Cream tea

Cream tea

A Cream tea, Devonshire tea or Cornish cream tea is tea taken with a combination of scones, clotted cream, and jam.

Cream teas are offered for sale in tea rooms throughout England (especially the South West) and rest of the Commonwealth, or wherever someone wants to give an impression of English influence.

In the United States it is promoted as a typically English afternoon snack.

History

The name "Devonshire tea comes from the county of Devon in England, where it is a local speciality. The exact origin of "cream tea" is disputed, although there is evidence to suggest that the tradition of eating bread with cream and jam already existed at Tavistock Abbey in Devon in the 11th century.

Variations

There are regional variations within England as to how a cream tea should preferably be eaten. The Devonshire (or Devon) method is to split the scone in two, cover each half with clotted cream, and then add strawberry jam on top. Traditionally it is important that the scones be warm (ideally, freshly baked), the cream be clotted (not whipped), and the jam be strawberry (although raspberry jam is rarely used as an alternative). Butter should never be included, and the tea should be served with milk.

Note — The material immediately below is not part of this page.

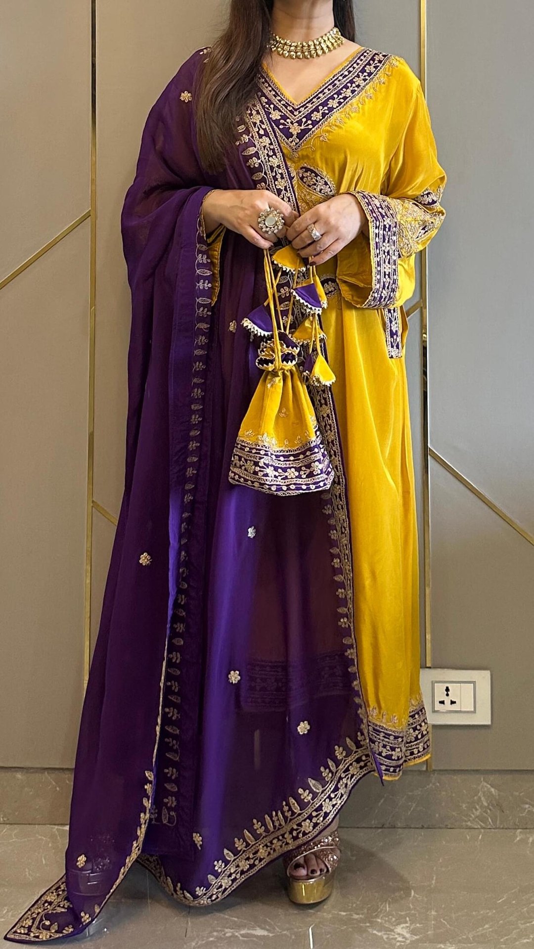 Mustard Applique Crepe Kashmiri-Phiran Kurta with Churidar and Matching Potli

In Cornwall, the cream tea was traditionally served with a "Cornish split", a type of sweet white bread roll, rather than a scone.. The warm roll (or scone) should first be buttered, then spread with strawberry jam, and finally topped with a spoonful of Cornish clotted cream.

Another variation to a cream tea is called "Thunder and Lightning" which consists of a round of bread, topped with clotted cream and golden syrup, honey or treacle.. This variation is not commonly found in parts of England outside Cornwall.